Start of Block
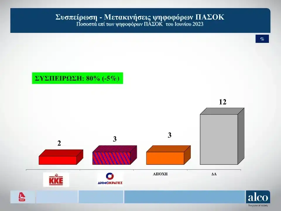 Το ΠΑΣΟΚ χάνει επίσης 5 μονάδες συπσπείρωσης και βρίσκεται στο 80%, ενώ 12% δηλώνουν ότι δεν γνωρίζουν. Ένα 3% πηγαίνει στο νεοσύστατο κόμμα του Ανδρέα Λοβέρδου, «Δημοκράτες», ένα 3% ακόμη πάει προς την αποχή και το 2% στο ΚΚΕ.
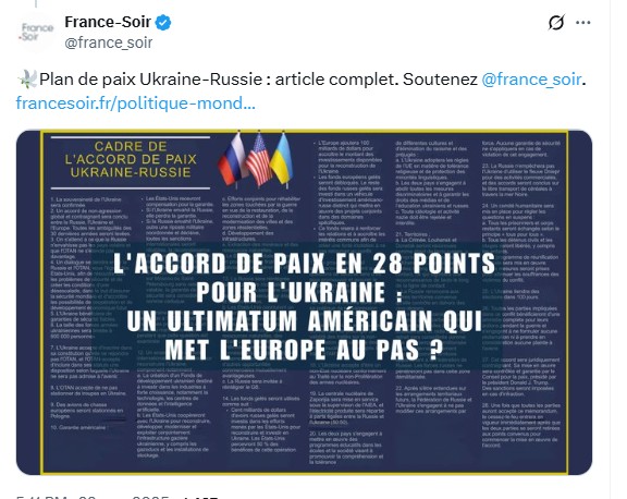 💥Suite à une grosse affaire de corruption en 🇺🇦, plusieurs centaines de millions $ d'aides occidentales ont disparu, les américains disposent de preuves pour contraindre Zelenski (qui est dans une très mauvaise passe), d'accepter un accord de paix de 28 points : neutralité de… pic.twitter.com/N1P5Dq2VHK
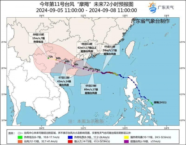 预计5日夜间到6日凌晨,"摩羯"在逼近海南岛的同时强度也将进一步升至62米/秒,并将以超强台风(16~17级,52~58米/秒)的鼎盛期强度于6日下午至夜间在海南琼海到广东电白一带沿海登陆。
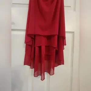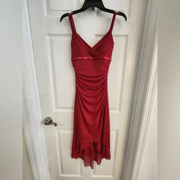 This striking red dress by Ruby Rox features a ruched design that elegantly drapes across the body, creating a sophisticated silhouette.
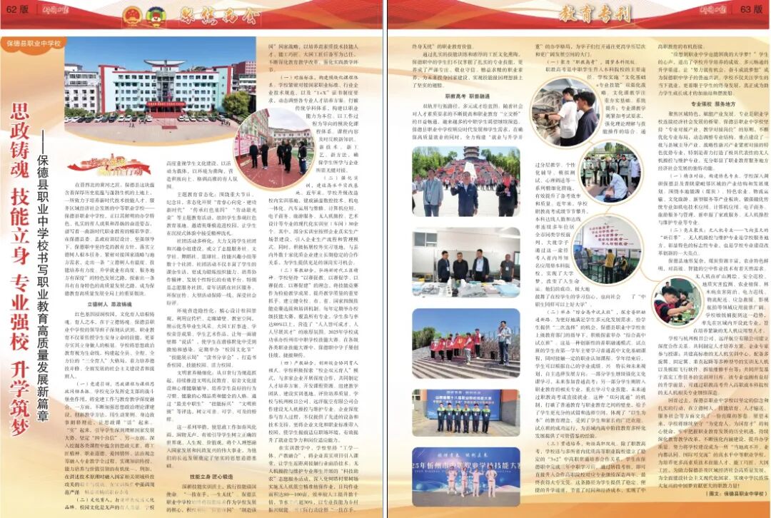 回首過(guò)去,保德縣職業(yè)中學(xué)校以堅(jiān)定的信念和扎實(shí)的行動(dòng),在立德樹(shù)人、技能培育、人才輸送、服務(wù)社會(huì)等方面交出了一份亮眼的答卷。展望未來(lái),學(xué)校將繼續(xù)堅(jiān)守“為黨育人、為國(guó)育才”的初心使命,牢牢把握職業(yè)教育發(fā)展的歷史機(jī)遇,持續(xù)深化教育教學(xué)改革,不斷強(qiáng)化內(nèi)涵建設(shè),提升辦學(xué)質(zhì)量。努力將學(xué)校建設(shè)成為一所“當(dāng)?shù)仉x不開(kāi)、業(yè)內(nèi)都認(rèn)同、國(guó)際可交流”的高水平中等職業(yè)學(xué)校,為培養(yǎng)更多高素質(zhì)技術(shù)技能人才、能工巧匠、大國(guó)工匠,為助力保德縣及區(qū)域經(jīng)濟(jì)社會(huì)高質(zhì)量發(fā)展,為全面建設(shè)社會(huì)主義現(xiàn)代化國(guó)家、實(shí)現(xiàn)中華民族偉大復(fù)興的中國(guó)夢(mèng)貢獻(xiàn)更大的職教力量!
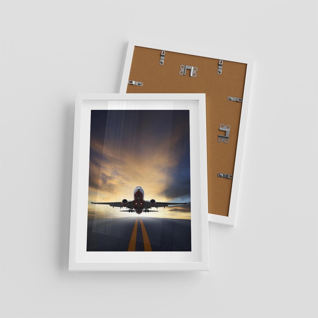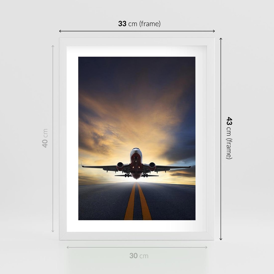 Plakat w ramie 30x40 - Podróż samolotem w pejzaż - samolot, podróż - rama biała
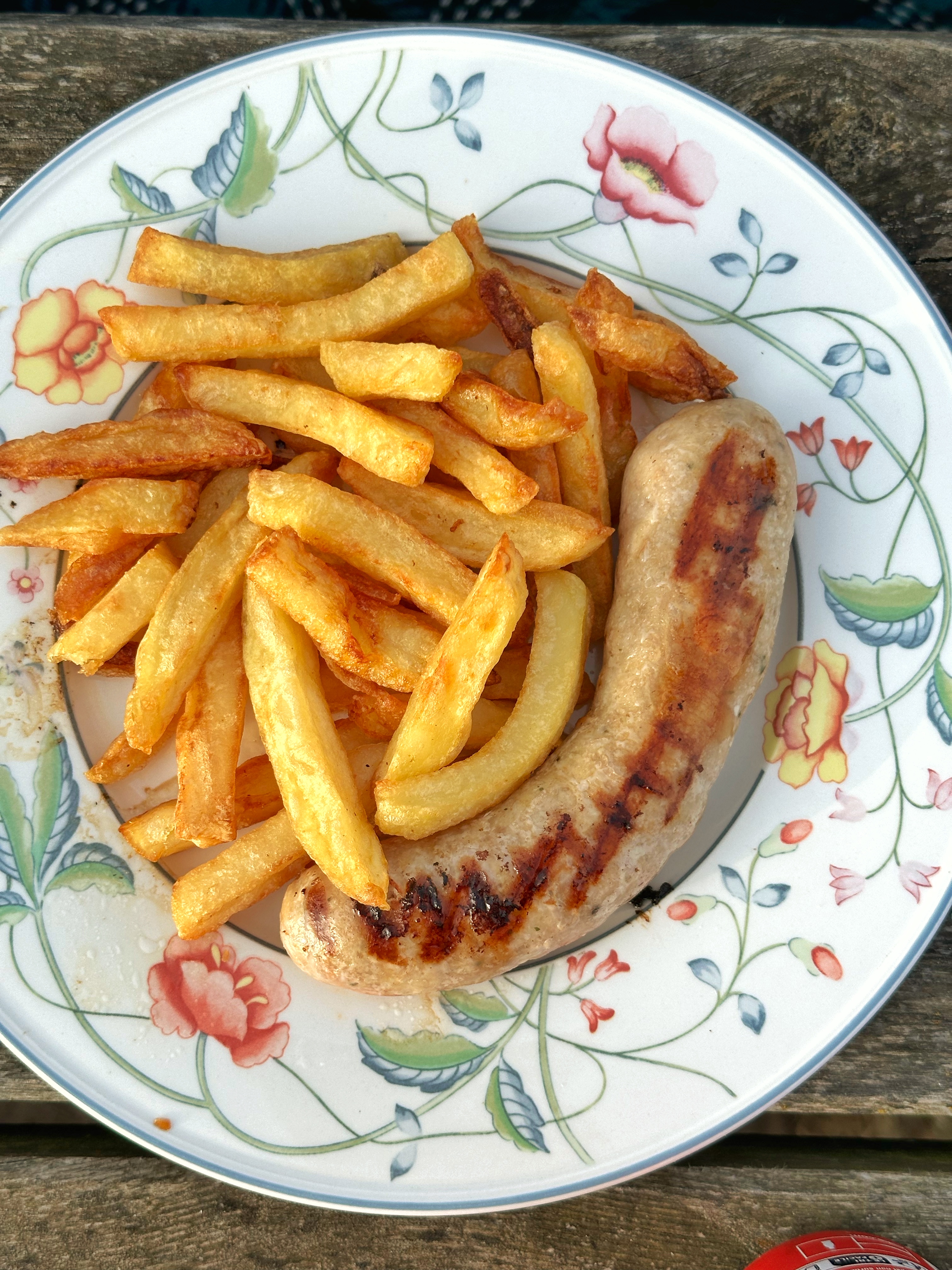 De délicieuses frites maison croustillantes, une savoureuse saucisse normande accompagnée d'une bonne bière bien fraîche, avec vue sur une superbe plage, que demander de plus ? Le propriétaire est très sympathique et est venu nous servir car nous avons dû attendre un peu. Si vous devez attendre un peu, ce n'est pas un problème😀
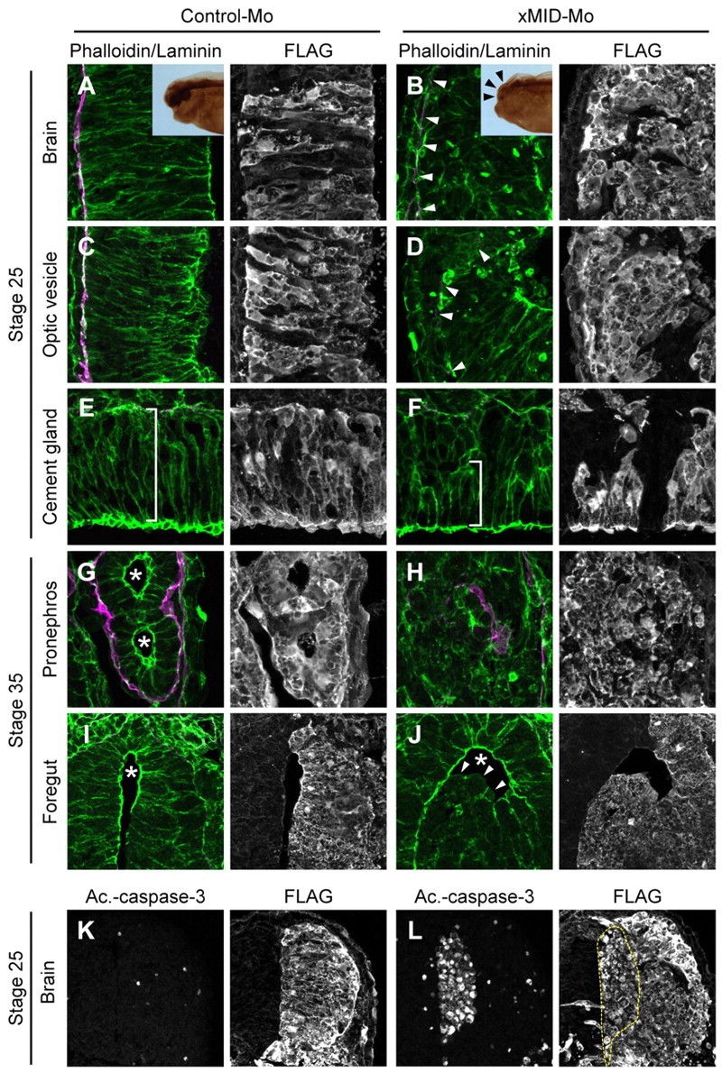 Fig. 7. xMIDs function in the developing brain and other epithelial organogeneses. (A-J) Transverse sections through the brain (A,B), optic vesicle (C,D), cement gland (E,F), pronephros (G,H) and foregut (I,J) of Xenopus embryos injected with control-Mo (A,C,E,G,I) or xMID-Mo (B,D,F,H,J), and stained with phalloidin (green), anti-laminin antibody (magenta), or anti-Flag antibody (gray). (A,B) Insets show stage 40 embryos stained for the pan-neural marker Xen1. Lateral views: anterior to the left, dorsal to the top. Arrowheads indicate head defects in the xMID morphant. (B,D) Arrowheads indicate non-continuous and attenuated laminin staining in the basal lamina. (E,F) Brackets indicate the lengths of Flag-positive cells. (G) Asterisks indicate tubular structures of the pronephros. (I,J) Asterisks indicate luminal structures of the foregut. Arrowheads indicate the lack of apical actin assembly in the xMID morphant cells. (K,L) Transverse sections through the brain of control-Mo-injected (K) and xMID-Mo-injected (L) embryos, stained with anti-active caspase 3 (left) and anti-Flag (right) antibodies. Dashed line delimits the ventricle.
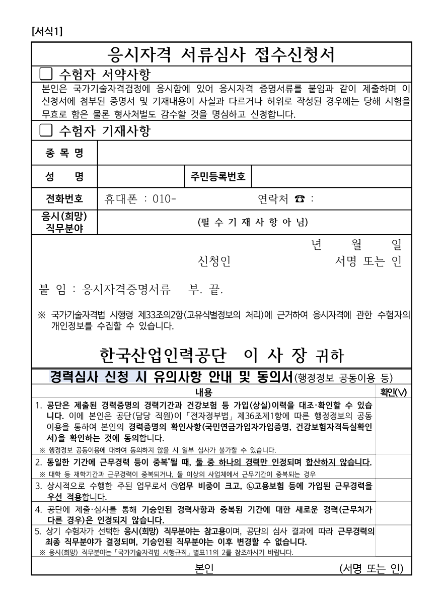 국가기술자격 응시자격 서류심사 접수신청서 작성자진솔|작성시간25.11.22|조회수41 목록 댓글 0 글자크기 작게가 글자크기 크게가 응시자격 서류심사 접수신청서.pdf101.84KB국가자격검정 인정신분증 범위 알림.pdf173.33KB(붙임1) 국가기술자격시험 활용 가능 계산기 안내문.pdf74.31KB 첨부파일첨부된 파일이 4개 있습니다. png 파일 image.png 다운로드 pdf 파일 응시자격 서류심사 접수신청서.pdf 다운로드 pdf 파일 (붙임1) 국가기술자격시험 활용 가능 계산기 안내문.pdf 다운로드 pdf 파일 국가자격검정 인정신분증 범위 알림.pdf 다운로드 다음검색 현재 게시글 추가 기능 열기 북마크 공유하기 신고 센터로 신고 댓글 댓글 0 댓글쓰기 답글쓰기 댓글 리스트
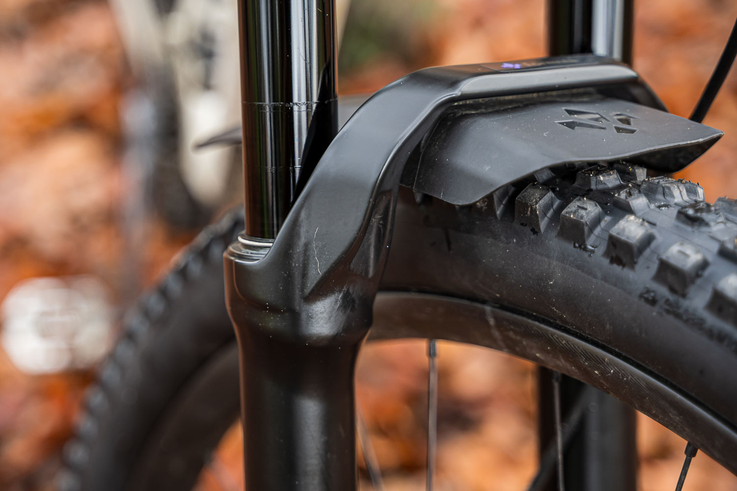Altre specifiche mostrano la compatibilità solo con ruote 29er, il supporto freno PM da 180 mm, e il parafango integrato. Oltre all’ingegnoso perno da 15 mm con sgancio rapido, chiamato Integrated Locking System (ILS): la leva funge da chiave a brugola da 5 mm e può essere rimossa, se si desidera un look più snello.
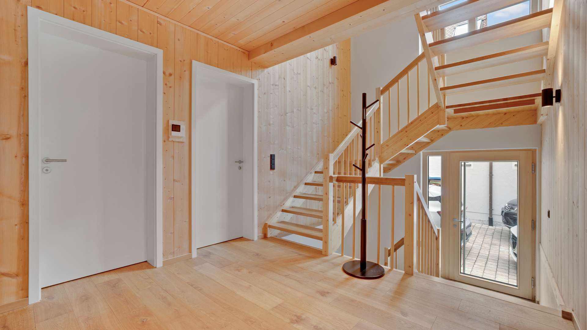 Das 2021 errichtete Mehrparteienhaus umfasst nur neun Wohneinheiten und ist vollständig barrierefrei erschlossen. Die energieeffiziente Massivholz-Bauweise verbindet nachhaltige Architektur mit einem wohngesunden Raumklima. Verarbeitet wurden ausschließlich hochwertige, natürliche Materialien wie Fichten- und Tannenholz sowie Massivholzdielen, die eine warme, naturnahe Atmosphäre schaffen – ideal auch für Allergiker. Das Heizsystem arbeitet mit wohltuender Strahlungswärme über Wandtemperierung, was für ein besonders behagliches Wohngefühl sorgt. Ergänzt wird das Konzept durch eine zentral abschaltbare Stromversorgung, bei der wichtige Verbraucher wie Kühlschrank oder Server ausgenommen bleiben. Dreifach isolierverglaste Holz-Alu-Fenster mit elektrischen Raffstores, eine Wärmepumpe mit Erdwärme sowie eine Photovoltaikanlage mit Batteriespeicher sichern eine überwiegend autarke Energieversorgung. Mit der Energieeffizienzklasse A+ und einem durchgängig barrierefreien Konzept ist das Gebäude zukunftsweisend – ein idealer Lebensmittelpunkt, der auch langfristig Komfort und Sicherheit bietet.
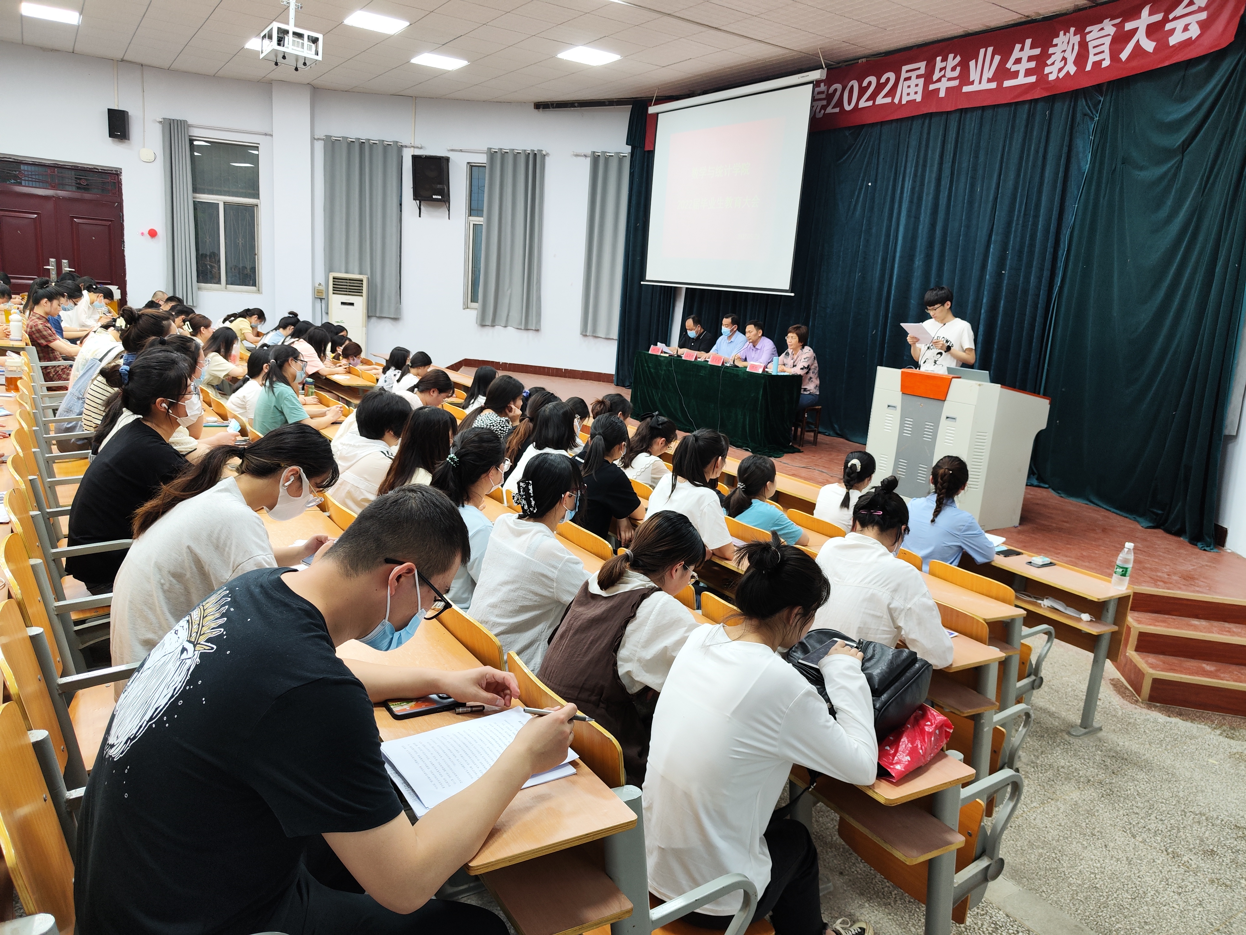 毕业生教育大会是我院毕业生工作中的一个重要环节,下一阶段我院将围绕学院毕业生教育方案做好毕业生离校教育工作,确保毕业生安全、文明、和谐离校。希望各位毕业生在未来的学习与工作中能够秉承“应天归德,智圆行方”的校训精神,以积极乐观的心态书写人生华丽篇章。
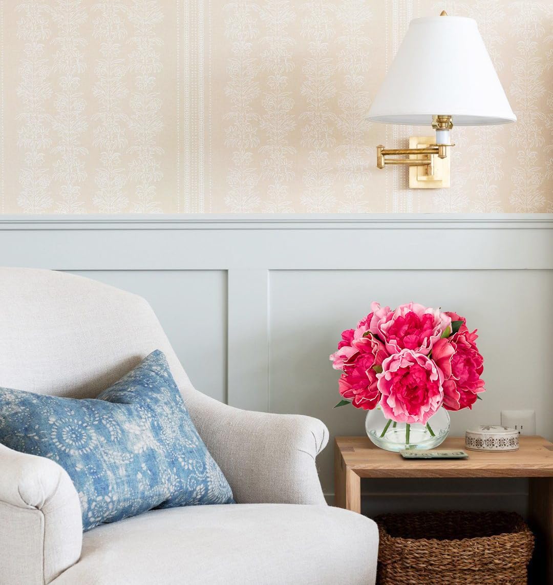 - 💐【Realistic & Elegant】Peonies artificial flowers with glass vase suits look so beautiful, unique craft design, brings different visual enjoyment to your home, create a romantic atmosphere, make you happy every day. Faux water on the vase adds to the pulchritude and realism. More realistic because of the details!
End of Block
■ ABOUT THIS TASK
Quote the material word for word, dropping any images it holds.

■ RESPONSE AREA
 Το ΠΑΣΟΚ χάνει επίσης 5 μονάδες συπσπείρωσης και βρίσκεται στο 80%, ενώ 12% δηλώνουν ότι δεν γνωρίζουν. Ένα 3% πηγαίνει στο νεοσύστατο κόμμα του Ανδρέα Λοβέρδου, «Δημοκράτες», ένα 3% ακόμη πάει προς την αποχή και το 2% στο ΚΚΕ.
 💥Suite à une grosse affaire de corruption en 🇺🇦, plusieurs centaines de millions $ d'aides occidentales ont disparu, les américains disposent de preuves pour contraindre Zelenski (qui est dans une très mauvaise passe), d'accepter un accord de paix de 28 points : neutralité de… pic.twitter.com/N1P5Dq2VHK
 预计5日夜间到6日凌晨,"摩羯"在逼近海南岛的同时强度也将进一步升至62米/秒,并将以超强台风(16~17级,52~58米/秒)的鼎盛期强度于6日下午至夜间在海南琼海到广东电白一带沿海登陆。
 This striking red dress by Ruby Rox features a ruched design that elegantly drapes across the body, creating a sophisticated silhouette.
 回首過(guò)去,保德縣職業(yè)中學(xué)校以堅(jiān)定的信念和扎實(shí)的行動(dòng),在立德樹(shù)人、技能培育、人才輸送、服務(wù)社會(huì)等方面交出了一份亮眼的答卷。展望未來(lái),學(xué)校將繼續(xù)堅(jiān)守“為黨育人、為國(guó)育才”的初心使命,牢牢把握職業(yè)教育發(fā)展的歷史機(jī)遇,持續(xù)深化教育教學(xué)改革,不斷強(qiáng)化內(nèi)涵建設(shè),提升辦學(xué)質(zhì)量。努力將學(xué)校建設(shè)成為一所“當(dāng)?shù)仉x不開(kāi)、業(yè)內(nèi)都認(rèn)同、國(guó)際可交流”的高水平中等職業(yè)學(xué)校,為培養(yǎng)更多高素質(zhì)技術(shù)技能人才、能工巧匠、大國(guó)工匠,為助力保德縣及區(qū)域經(jīng)濟(jì)社會(huì)高質(zhì)量發(fā)展,為全面建設(shè)社會(huì)主義現(xiàn)代化國(guó)家、實(shí)現(xiàn)中華民族偉大復(fù)興的中國(guó)夢(mèng)貢獻(xiàn)更大的職教力量!
 Plakat w ramie 30x40 - Podróż samolotem w pejzaż - samolot, podróż - rama biała
 De délicieuses frites maison croustillantes, une savoureuse saucisse normande accompagnée d'une bonne bière bien fraîche, avec vue sur une superbe plage, que demander de plus ? Le propriétaire est très sympathique et est venu nous servir car nous avons dû attendre un peu. Si vous devez attendre un peu, ce n'est pas un problème😀
 Fig. 7. xMIDs function in the developing brain and other epithelial organogeneses. (A-J) Transverse sections through the brain (A,B), optic vesicle (C,D), cement gland (E,F), pronephros (G,H) and foregut (I,J) of Xenopus embryos injected with control-Mo (A,C,E,G,I) or xMID-Mo (B,D,F,H,J), and stained with phalloidin (green), anti-laminin antibody (magenta), or anti-Flag antibody (gray). (A,B) Insets show stage 40 embryos stained for the pan-neural marker Xen1. Lateral views: anterior to the left, dorsal to the top. Arrowheads indicate head defects in the xMID morphant. (B,D) Arrowheads indicate non-continuous and attenuated laminin staining in the basal lamina. (E,F) Brackets indicate the lengths of Flag-positive cells. (G) Asterisks indicate tubular structures of the pronephros. (I,J) Asterisks indicate luminal structures of the foregut. Arrowheads indicate the lack of apical actin assembly in the xMID morphant cells. (K,L) Transverse sections through the brain of control-Mo-injected (K) and xMID-Mo-injected (L) embryos, stained with anti-active caspase 3 (left) and anti-Flag (right) antibodies. Dashed line delimits the ventricle.
 국가기술자격 응시자격 서류심사 접수신청서 작성자진솔|작성시간25.11.22|조회수41 목록 댓글 0 글자크기 작게가 글자크기 크게가 응시자격 서류심사 접수신청서.pdf101.84KB국가자격검정 인정신분증 범위 알림.pdf173.33KB(붙임1) 국가기술자격시험 활용 가능 계산기 안내문.pdf74.31KB 첨부파일첨부된 파일이 4개 있습니다. png 파일 image.png 다운로드 pdf 파일 응시자격 서류심사 접수신청서.pdf 다운로드 pdf 파일 (붙임1) 국가기술자격시험 활용 가능 계산기 안내문.pdf 다운로드 pdf 파일 국가자격검정 인정신분증 범위 알림.pdf 다운로드 다음검색 현재 게시글 추가 기능 열기 북마크 공유하기 신고 센터로 신고 댓글 댓글 0 댓글쓰기 답글쓰기 댓글 리스트
Altre specifiche mostrano la compatibilità solo con ruote 29er, il supporto freno PM da 180 mm, e il parafango integrato. Oltre all’ingegnoso perno da 15 mm con sgancio rapido, chiamato Integrated Locking System (ILS): la leva funge da chiave a brugola da 5 mm e può essere rimossa, se si desidera un look più snello.
 Das 2021 errichtete Mehrparteienhaus umfasst nur neun Wohneinheiten und ist vollständig barrierefrei erschlossen. Die energieeffiziente Massivholz-Bauweise verbindet nachhaltige Architektur mit einem wohngesunden Raumklima. Verarbeitet wurden ausschließlich hochwertige, natürliche Materialien wie Fichten- und Tannenholz sowie Massivholzdielen, die eine warme, naturnahe Atmosphäre schaffen – ideal auch für Allergiker. Das Heizsystem arbeitet mit wohltuender Strahlungswärme über Wandtemperierung, was für ein besonders behagliches Wohngefühl sorgt. Ergänzt wird das Konzept durch eine zentral abschaltbare Stromversorgung, bei der wichtige Verbraucher wie Kühlschrank oder Server ausgenommen bleiben. Dreifach isolierverglaste Holz-Alu-Fenster mit elektrischen Raffstores, eine Wärmepumpe mit Erdwärme sowie eine Photovoltaikanlage mit Batteriespeicher sichern eine überwiegend autarke Energieversorgung. Mit der Energieeffizienzklasse A+ und einem durchgängig barrierefreien Konzept ist das Gebäude zukunftsweisend – ein idealer Lebensmittelpunkt, der auch langfristig Komfort und Sicherheit bietet.
 毕业生教育大会是我院毕业生工作中的一个重要环节,下一阶段我院将围绕学院毕业生教育方案做好毕业生离校教育工作,确保毕业生安全、文明、和谐离校。希望各位毕业生在未来的学习与工作中能够秉承“应天归德,智圆行方”的校训精神,以积极乐观的心态书写人生华丽篇章。
 - 💐【Realistic & Elegant】Peonies artificial flowers with glass vase suits look so beautiful, unique craft design, brings different visual enjoyment to your home, create a romantic atmosphere, make you happy every day. Faux water on the vase adds to the pulchritude and realism. More realistic because of the details!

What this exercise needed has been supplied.